From the data above, approximate rates of shoreline retreat were 0.99 meters per year for terrace deposits, 0.72 meters per year for sandstone, and 2.26 meters per year for shale. Thus, earth material had significant impact on erosion rates, with much higher rates observed in shale, which tends to be relatively weak and prone to erosion. Waves dislodge and wash away fine sediment prevalent in shale and terrace deposits. Shale also undergoes dissolution of calcite cement and weakening from wetting (swelling) and drying (shrinking) cycles enhanced by wave activity. Numerous shale fragments were observed at Site 3.
In addition to evaluating erosion rates at specific locations, the approach outlined above can be used to identify other segments of lakeshore that warrant further study and possible mitigative measures. For example, riprap is used to slow erosion at several locations on Lewisville Lake. Rock-filled wire baskets (gabions) are commonly used to stabilize eroding lake and riverbanks. Flexible mesh rolls filled with rock have also been used to stabilize reservoir banks while providing habitat for aquatic invertebrates (WIJ, 2024). Less sturdy, though potentially useful alternatives include geotextiles, coir logs, and grassy vegetation.
Offshore breakwaters (typically, large rocks in a linear ridge) have slowed erosion and improved aquatic habits in littoral zones of some reservoirs (Severson et al., 2009). However, breakwaters are less practical for Lewisville Lake due to large lake level fluctuations and boating concerns; they would be fully underwater or on dry ground for extended periods of time. Land use planning that preserves binding vegetation, prevents intensive development, and slows or diverts runoff away from the backshore can also slow erosion at many locations.
Conclusion
Satellite imagery is useful for evaluating lakeshore erosion, a process of concern to lake managers, property owners, and others using lakes for recreation. Earth material and wind orientation are key factors affecting vulnerability of lake shores to wave erosion. Backshore areas made of relatively weak earth material that face prevailing wind modes, and impacted by waves with long fetch, are especially vulnerable to wave erosion.
Erosion rates on vulnerable segments of shoreline in Lewisville Lake ranged from approximately 0.72 meters per year for sandstone to 2.26 meters per year for shale. Wave erosion creates problems by increasing turbidity, taking up storage, and supplying vegetation to reservoirs, in addition to losing backshore and associated habitat.

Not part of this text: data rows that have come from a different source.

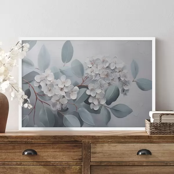 SākumlapaPlakātu katalogsPlakāti ziediPlakāts Baltās hortenzijas ziedu zariņš pilnā ziedēšanas laikā, ar zilām lapām uz gaiši pelēka fona, eļļas glezna stilā Nr f43391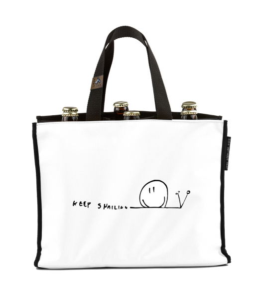 BEER CARRIER - bag for beer with design 249 KEEP SNAILING in color WHITE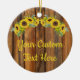 Personalised Rustic Wood Sunflower Custom Text Ceramic Ornament
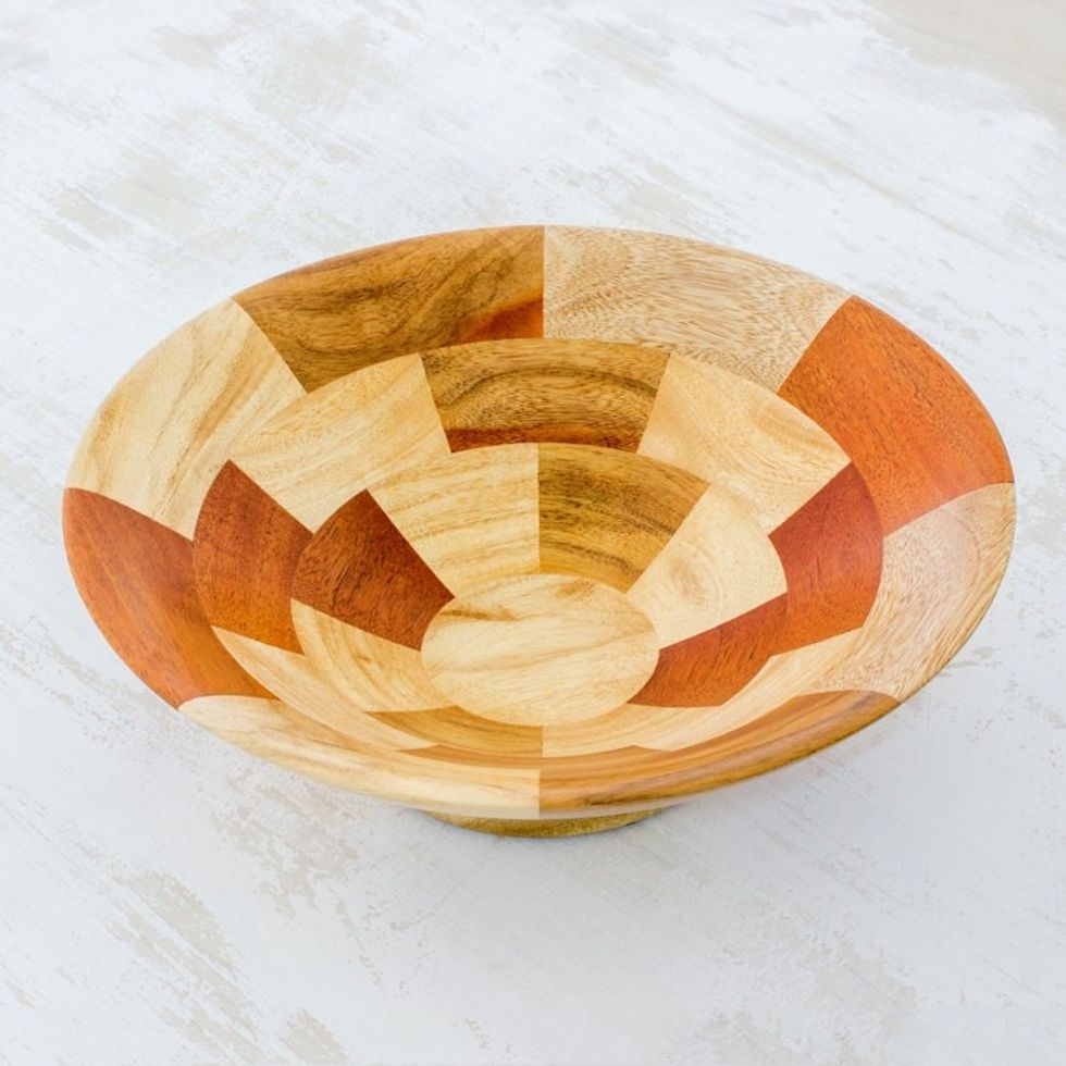 Mahogany and Palo Blanco Wood Fruit Bowl Crafted by Hand 'Stairway of Nature' Item ID: 2669933568

Identifying and evaluating shorelines prone to erosion can help prioritize mitigative measures to slow this process while enhancing lake function.
References
Hill, R.T. 1901. Geography and Geology of the Black and Grand Prairies, Texas. U.S. Geological Survey Annual Report, 21,1-666. U.S. Geological Survey, Reston, Virginia.
IEM. 2024. Iowa Environmental Mesonet. Available from: https://mesonet.agron.iastate.edu/.
NWS (National Weather Service). 2024. The Climate of Dallas/Fort Worth. Available from: https://www.weather.gov/fwd/dfw_narrative#:~:text=The%20climate%20of%20Dallas%2FFort%20Worth%20is%20humid%20subtropical%20with,to%20more%20than%2050%20inches.
Severson, J.P., Nawrot, J.R., Eichholz, M.W. 2009. Shoreline stabilization using riprap breakwaters on a Midwestern reservoir. Lake and Reservoir Management, 25(2), 208-216.
TPWD (Texas Parks and Wildlife). 2024. Texas Freshwater Lakes. Available from:
TWDB. 2007. Volumetric and Sedimentation Survey of Lewisville Lake. Texas Water Development Board, Austin, Texas.
WIJ (Water Industry Journal). 2024. Reservoir wall rebuilt with nature-friendly rock bags. Water Industry Journal, 30, 13.